Le procureur de la CPI, Karim Khan, a demandé la délivrance de mandats d'arrêt contre Benjamin Netanyahu et son ministre de la Défense, Yoav Gallant, les deux plus hauts représentants du cabinet de guerre israélien qui supervise l'opération militaire menée dans la bande de Gaza en représailles à l'attaque du Hamas le 7 octobre dernier.

Il a aussi réclamé des mandats d'arrêt contre trois dirigeants du Hamas - Yahya Sinouar, chef du groupe palestinien à Gaza, Mohammed Deif, chef de la branche armée, et Ismaïl Haniyeh, chef du bureau politique basé au Qatar - pour les crimes commis le 7 octobre et depuis lors.

"La France soutient la Cour pénale internationale, son indépendance, et la lutte contre l'impunité dans toutes les situations", a déclaré le porte-parole adjoint du ministère des Affaires étrangères dans un communiqué.
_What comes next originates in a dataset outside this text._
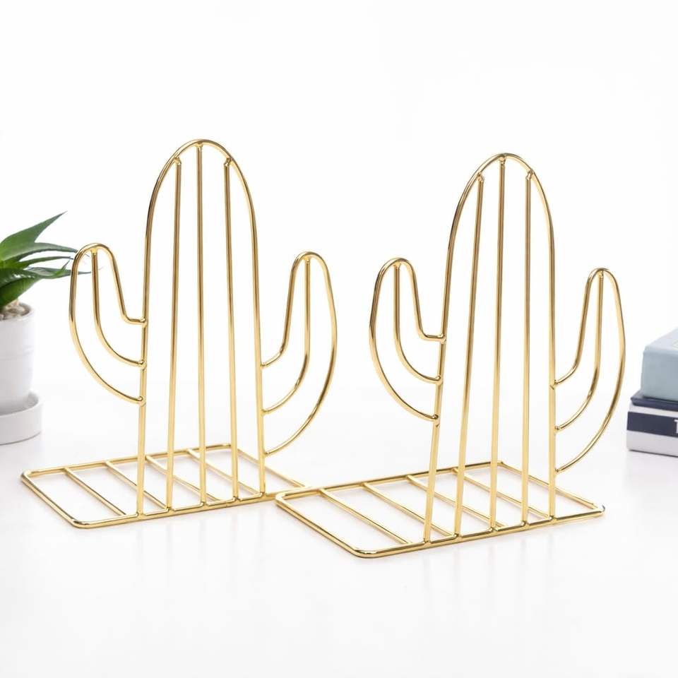 Decorative Metal Bookends for Shelves Gold Cactus Book Stand Organizer Modern Book Ends for Home Office Study

Rappelant avoir "condamné dès le 7 octobre les massacres antisémites perpétrés par le Hamas", qui a "revendiqué des attaques barbares dirigées contre des civils", le porte-parole adjoint du Quai d'Orsay a ajouté que "concernant Israël, il reviendra à la Chambre préliminaire (de la CPI) de se prononcer sur la délivrance de ces mandats".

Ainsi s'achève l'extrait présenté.